The aim of this research was to compare the air temperature and relative humidity conditions at two locations in the same agro-ecological settlement: (1) a spot located in an area of Caatinga being restored using berms made of wood waste and stones, and (2) a spot located in a degraded Caatinga area, both in Brazil’s semi-arid region. The data on air temperature and relative humidity of the air were obtained from two automatic Akso AK170 thermo-hygrometers. Both spots have similar elevations but different vegetation and soil conditions. At spot 1 no temperature above 35°C was observed while at spot 2 seven temperatures above 35°C were recorded.

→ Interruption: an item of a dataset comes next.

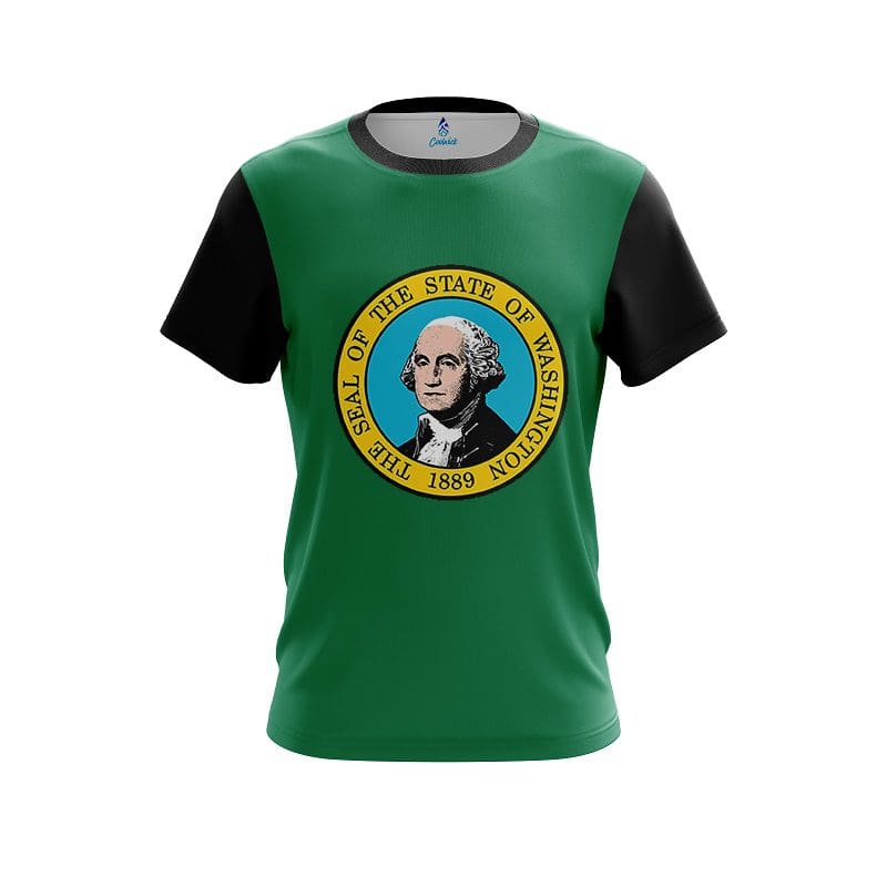 Stay 40% cooler with CoolWick. Our Plain Washington Flag CoolWick Bowling Jersey are made of two different fabrics with the back being our CoolWick technology fabric that helps wick moisture away and helps air flow more easily through the fibers.

Regarding humidity, spot 1 had 11 records for humidity lower than 30%, while  spot 2 had 34 records for the same humidity percentage and in addition to that, two records for humidity below 22%, which was not observed at spot 1. It can therefore be concluded that soil recovery practices in the Caatinga using berms, together with thinning, enrichment, trimming, and cutting, promotes a cooler and more humid microclimate.

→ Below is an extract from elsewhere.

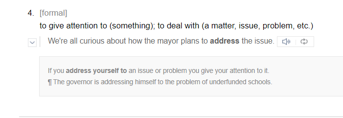 address는 위 문장에서 여러 뜻 가운데 이 뜻으로 쓰인 것 같다.
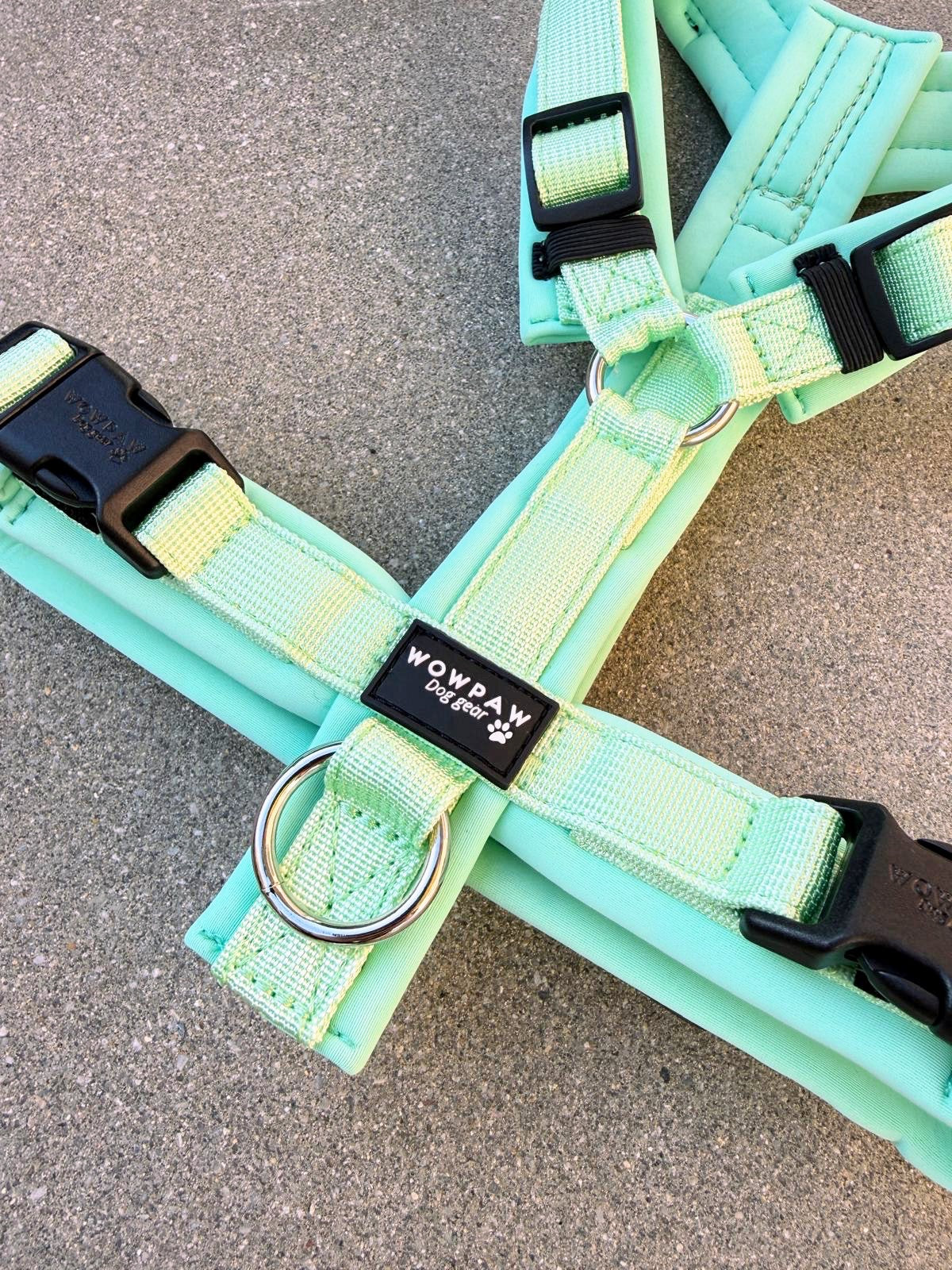 FLOW setzt auf eine schlanke Konstruktion ohne zusätzliche Bauteile. Die Kunststoffverschlüsse sind leicht, alltagstauglich und ermöglichen ein schnelles An- und Ablegen. Durch die farbliche Abstimmung fügt sich das Geschirr harmonisch in bestehende WOWPAW-Sets aus Halsband und Leine ein.

Keywords: soil recovery, berms; semi-arid region, Caatinga, Brazil.

The preservation, conservation, and recovery of the Caatinga biome, as well as other biomes, is primordial for maintaining the most diverse forms of life and ecological and climatic balance. Forests absorb and provide water for the surface-atmosphere system and additionally promote soil enrichment and shading, creating a specific microclimate within the environment. When pursued inappropriately, human activities such as agriculture, mining, industry, and urbanization undermine these complex systems, the forest structure, and consequently the microclimatic conditions on a local level.

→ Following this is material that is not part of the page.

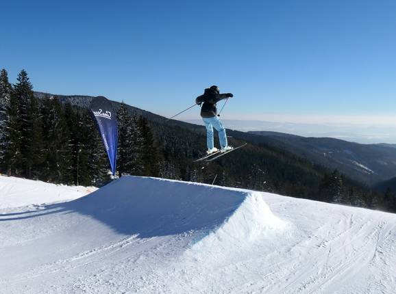 Klínovec propose deux snowparks offrant des possibilités attrayantes pour les freestylers et les snowboardeurs.
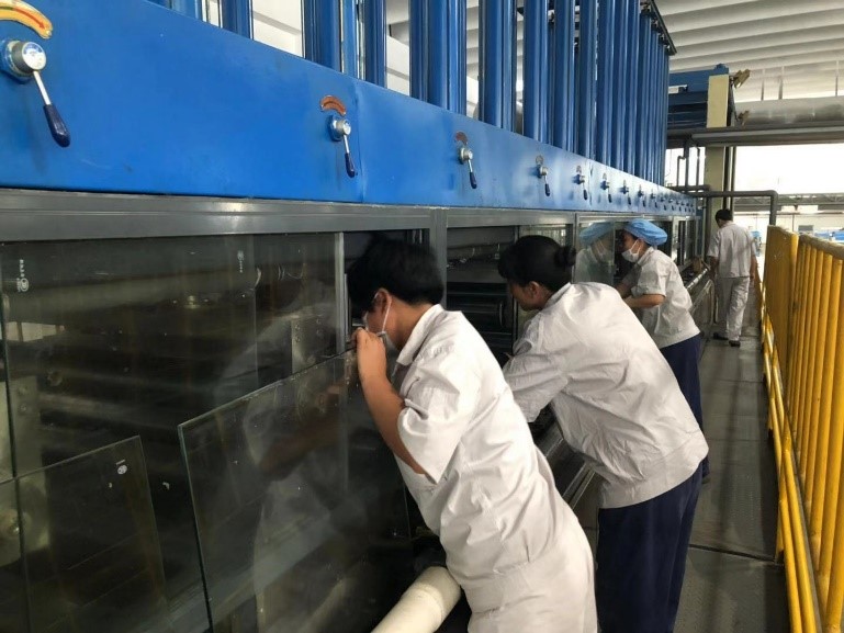 開(kāi)展生產(chǎn)線設(shè)備清理工作。后紡員工無(wú)懼炎熱天氣,擼起袖子加油干,面臨萃取機(jī)內(nèi)部空間狹小難清理難題時(shí),身材精瘦的員工爭(zhēng)相進(jìn)入萃取機(jī)內(nèi)部進(jìn)行清理作業(yè),形成“愛(ài)企奉獻(xiàn)”工作氛圍。

The Caatinga is the only biome found exclusively in Brazil. Rich in species and endemism, its main characteristics are the irregular volume of precipitation, weak rock decomposition, a predominance of stony and rocky soils, and an intermittent drainage system related to the irregular rainfall patterns (AB SABER, 2003; GUILHERMINO et al, 2015). The Caatinga is situated in the northeast of Brazil and has a semi-arid climate. Mean annual rainfall is 800 mm or less, and its aridity index (AI) is up to 0.50 as calculated by the water balance, which relates rainfall and potential evapotranspiration, while the risk of drought is over 60% (BRASIL MMA, 2007). These conditions prevail in an area of around 970,000 km² in 1,031 municipalities in the states of Piauí, Ceará, Rio Grande do Norte, Paraíba, Pernambuco, Alagoas, Sergipe, Bahia, and northern Minas Gerais, (Figure 1). The Brazilian semi-arid covers 18% of the Brazilian landmass and 53% of the northeast region of the country. It is inhabited by around 22.6 million people, or 12% of the population (Figure 1).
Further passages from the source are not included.